*** Provided entries Section Begins ***

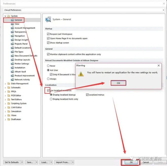 17.选择“General”,再选择“Use localized resources”,点击“OK”,再点击“OK”
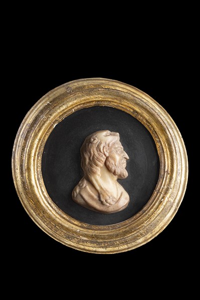 Lotto 241 | Profilo di Ercole in marmo su supporto in lavagna (d. cm 16) In cornice dorata
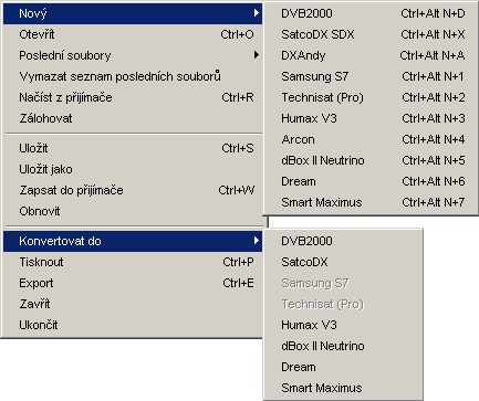 ...a konvertovat do nebo z ostatních formátŭ nastavení či importovat kanály přímo z ostatních formátŭ nastavení do vašeho SetEditArcon nastavení. Mŭžete otevřít několik nastavení najednou.
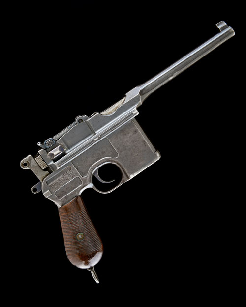 for between 1911-15, with 5 1/2in. barrel, block and blade fore-sight, elevating rear-sight graduated to 1000 metres, blued receiver and frame, the front of the grip-strap marked 'F.M.G.Z. 94. 24.', 31 groove walnut grips, lanyard ring at heel, the whole retaining a strong amount of original blued finish
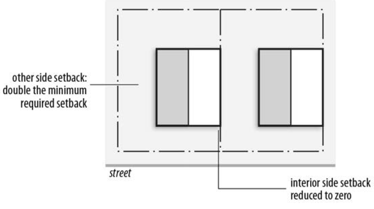 The interior side building setback on one side of the lot containing a lot line house may be reduced to as little as zero. The zero or reduced setback side of a lot line house may not abut a street and may not abut a lot that is not part of the lot line house development. On the "non-zero" side, a side building setback must be provided equal to at least twice the minimum side building setback requirement of the subject zoning district.
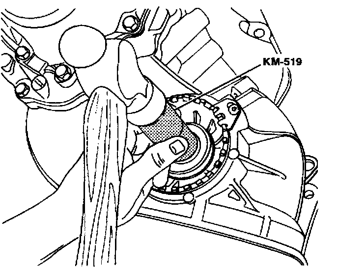 1. Install the new drive axle seal using the ring installer KM-519 and a hammer.

*** Provided entries Section Ends ***

Task ::
Apart from the pictures, restate all of the listing above exactly.

Solution to this problem ::
 17.选择“General”,再选择“Use localized resources”,点击“OK”,再点击“OK”
 Lotto 241 | Profilo di Ercole in marmo su supporto in lavagna (d. cm 16) In cornice dorata
 ...a konvertovat do nebo z ostatních formátŭ nastavení či importovat kanály přímo z ostatních formátŭ nastavení do vašeho SetEditArcon nastavení. Mŭžete otevřít několik nastavení najednou.
 for between 1911-15, with 5 1/2in. barrel, block and blade fore-sight, elevating rear-sight graduated to 1000 metres, blued receiver and frame, the front of the grip-strap marked 'F.M.G.Z. 94. 24.', 31 groove walnut grips, lanyard ring at heel, the whole retaining a strong amount of original blued finish
 The interior side building setback on one side of the lot containing a lot line house may be reduced to as little as zero. The zero or reduced setback side of a lot line house may not abut a street and may not abut a lot that is not part of the lot line house development. On the "non-zero" side, a side building setback must be provided equal to at least twice the minimum side building setback requirement of the subject zoning district.
 1. Install the new drive axle seal using the ring installer KM-519 and a hammer.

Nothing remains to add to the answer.